×

Мы используем cookie-файлы, чтобы сделать работу LingQ лучше. Находясь на нашем сайте, вы соглашаетесь на наши правила обработки файлов «cookie».


image

"Капитанская дочка" Пушкин (The Captain's Daughter), Глава I. Сержант гвардии (часть 2)

Глава I. Сержант гвардии (часть 2)

Между тем минуло мне шестнадцать лет. Тут судьба моя переменилась. Однажды осенью матушка варила в гостиной медовое варенье, а я, облизываясь, смотрел на кипучие пенки. Батюшка у окна читал Придворный календарь, ежегодно им получаемый. Эта книга имела всегда сильное на него влияние: никогда не перечитывал он ее без особенного участия, и чтение это производило в нем всегда удивительное волнение желчи. Матушка, знавшая наизусть все его свычаи и обычаи, всегда старалась засунуть несчастную книгу как можно подалее, и таким образом Придворный календарь не попадался ему на глаза иногда по целым месяцам. Зато, когда он случайно его находил, то, бывало, по целым часам не выпускал уж из своих рук. Итак, батюшка читал Придворный календарь, изредка пожимая плечами и повторяя вполголоса: «Генерал-поручик!.. Он у меня в роте был сержантом!.. Обоих российских орденов кавалер!.. А давно ли мы...»

Наконец батюшка швырнул календарь на диван и погрузился в задумчивость, не предвещавшую ничего доброго. Вдруг он обратился к матушке: «Авдотья Васильевна, а сколько лет Петруше?» — Да вот пошел семнадцатый годок, — отвечала матушка. — Петруша родился в тот самый год, как окривела тетушка Настасья Гарасимовна, и когда еще... «Добро, — прервал батюшка, — пора его в службу. Полно ему бегать по девичьим да лазить на голубятни». Мысль о скорой разлуке со мною так поразила матушку, что она уронила ложку в кастрюльку, и слезы потекли по ее лицу. Напротив того, трудно описать мое восхищение. Мысль о службе сливалась во мне с мыслями о свободе, об удовольствиях петербургской жизни. Я воображал себя офицером гвардии, что, по мнению моему, было верхом благополучия человеческого. Батюшка не любил ни переменять свои намерения, ни откладывать их исполнение. День отъезду моему был назначен. Накануне батюшка объявил, что намерен писать со мною к будущему моему начальнику, и потребовал пера и бумаги.
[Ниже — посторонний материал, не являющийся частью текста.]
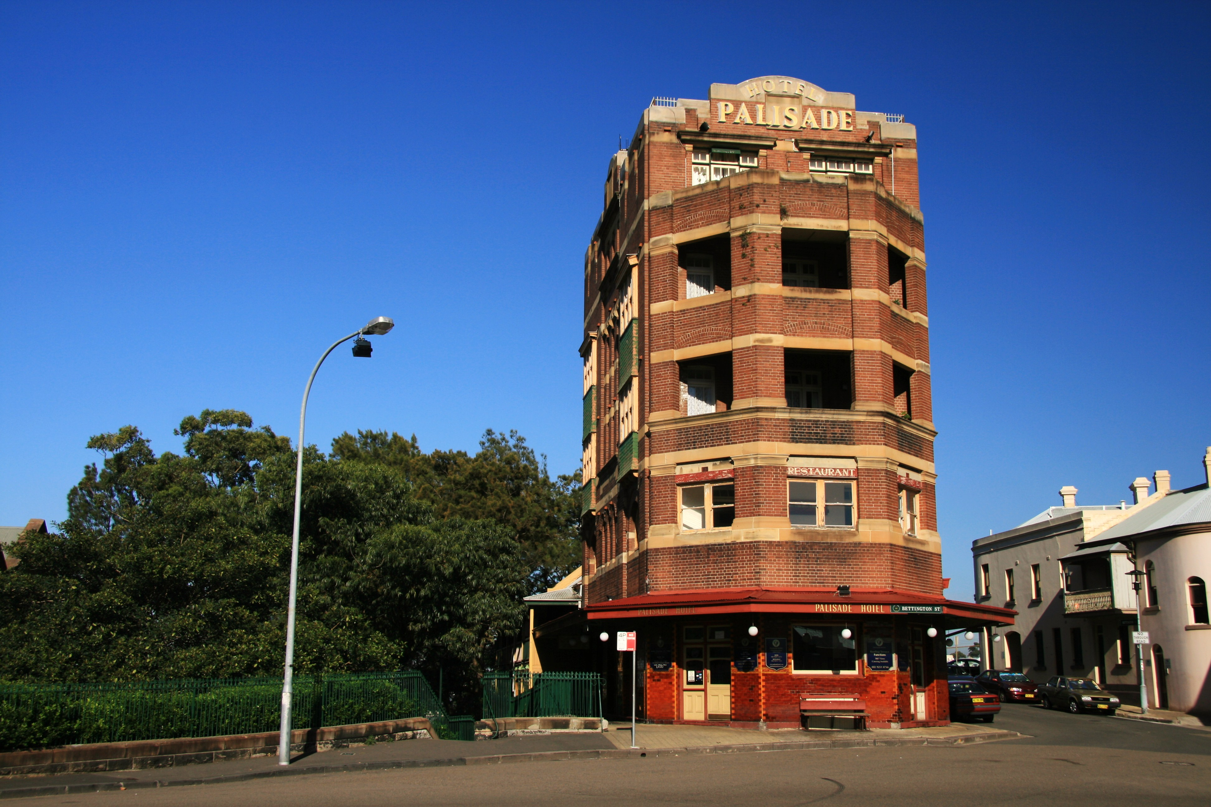 The Palisade Hotel at Millers Point in Sydney. This is one of my favourite old style pubs in the inner Sydney City area with great food (the restaurant is brilliant and lot of people don't even know it exists...also good for functions), basic but good accomodation (stayed here a few times and it has probably become my regular Sydney accomodation location), cold beer (always good)...and one heck of a view :)The Palisade Hotel, Millers Point
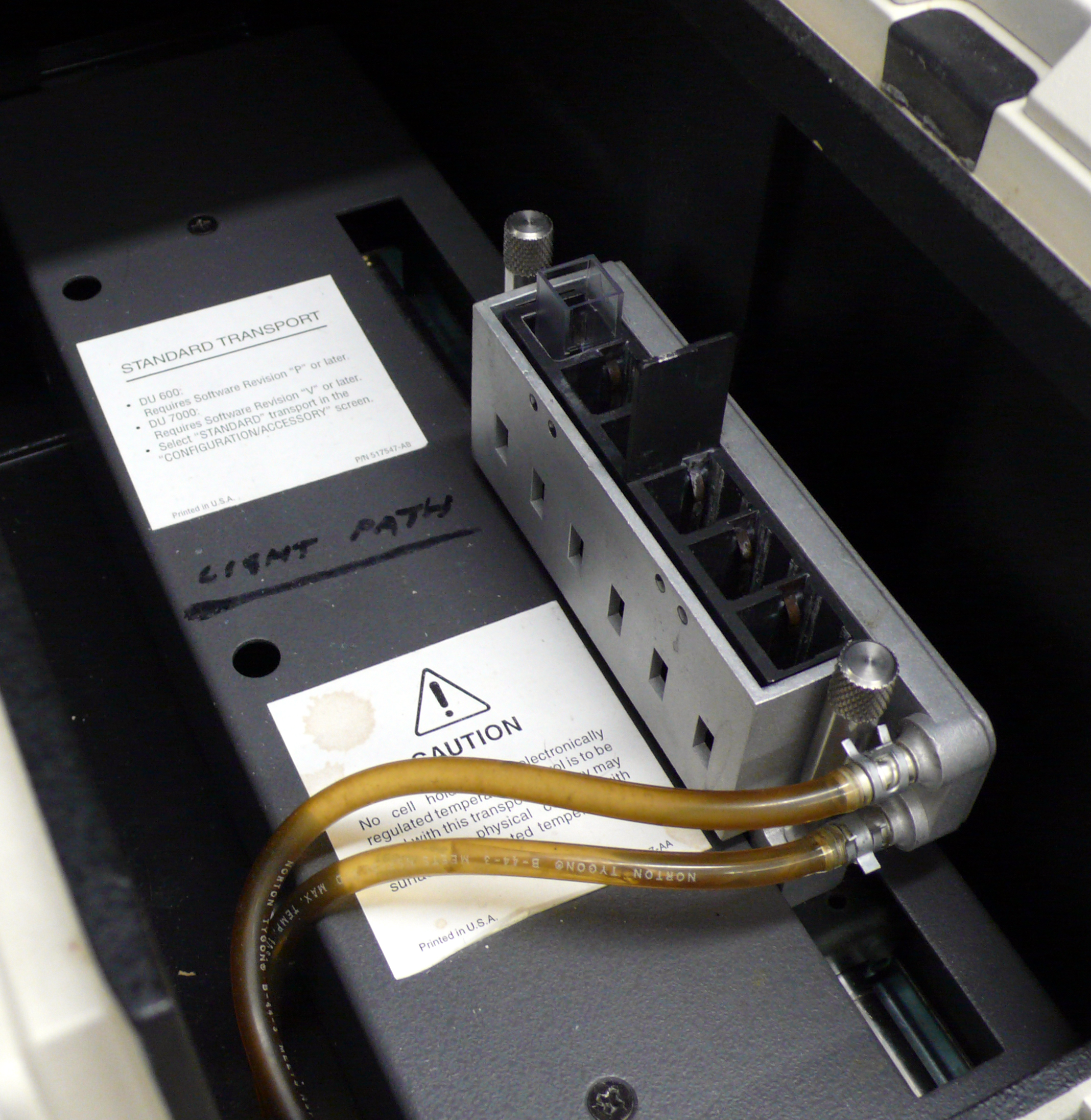 Cuvette holder in a temperature-controlled Beckman DU640 spectrophotometer
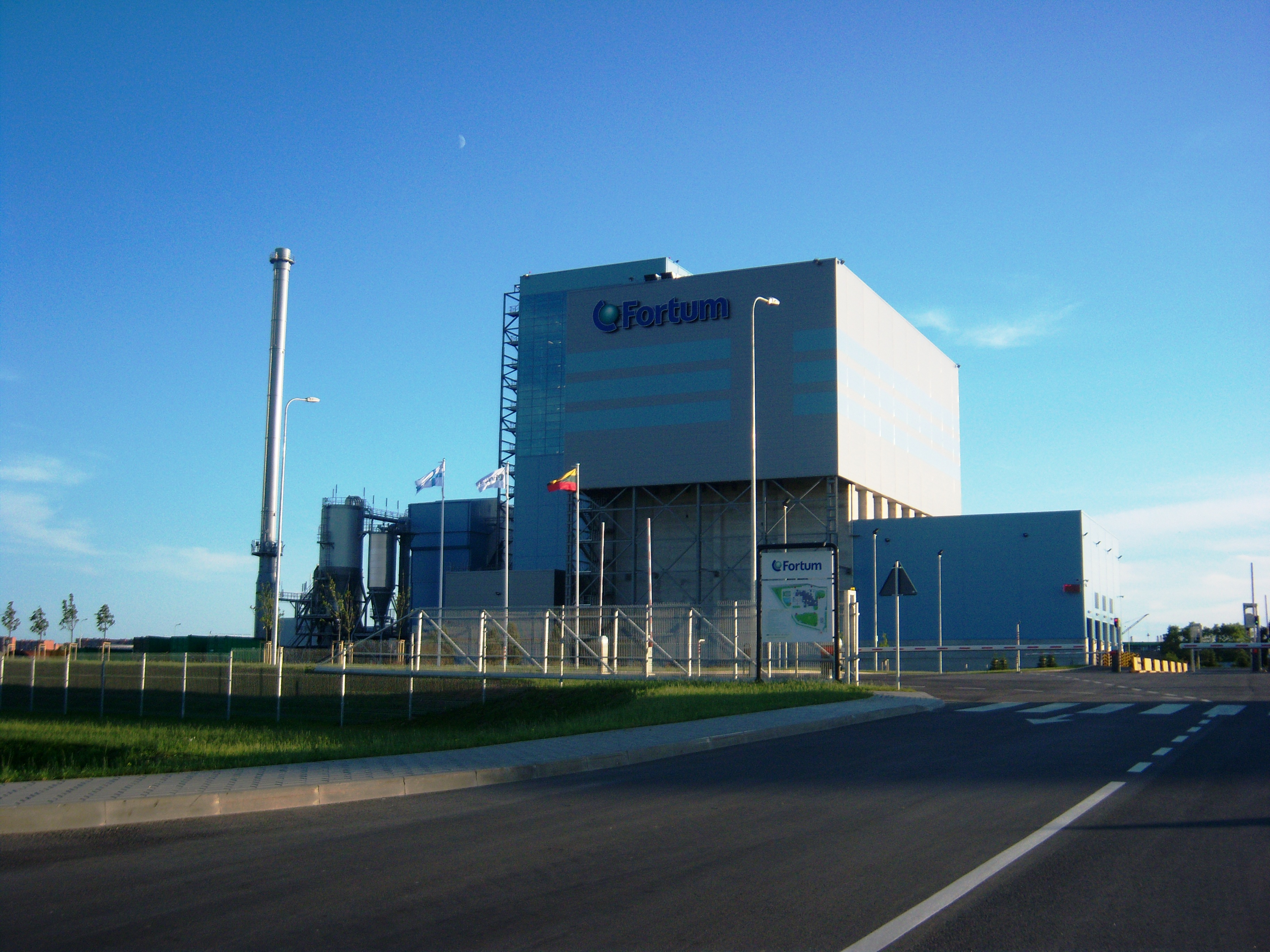 Combined heat and power plant of Fortum Corporation, Klaipėda, Lithuania

— Не забудь, Андрей Петрович, — сказала матушка, — поклониться и от меня князю Б.; я, дескать, надеюсь, что он не оставит Петрушу своими милостями.

— Что за вздор! — отвечал батюшка нахмурясь. — С какой стати стану я писать к князю Б.?

— Да ведь ты сказал, что изволишь писать к начальнику Петруши?

— Ну, а там что?

— Да ведь начальник Петрушин — князь Б. Ведь Петруша записан в Семеновский полк.

— Записан! А мне какое дело, что он записан? Петруша в Петербург не поедет. Чему научится он, служа в Петербурге? Мотать да повесничать? Нет, пускай послужит он в армии, да потянет лямку, да понюхает пороху, да будет солдат, а не шаматон. Записан в гвардии! Где его пашпорт? Подай его сюда.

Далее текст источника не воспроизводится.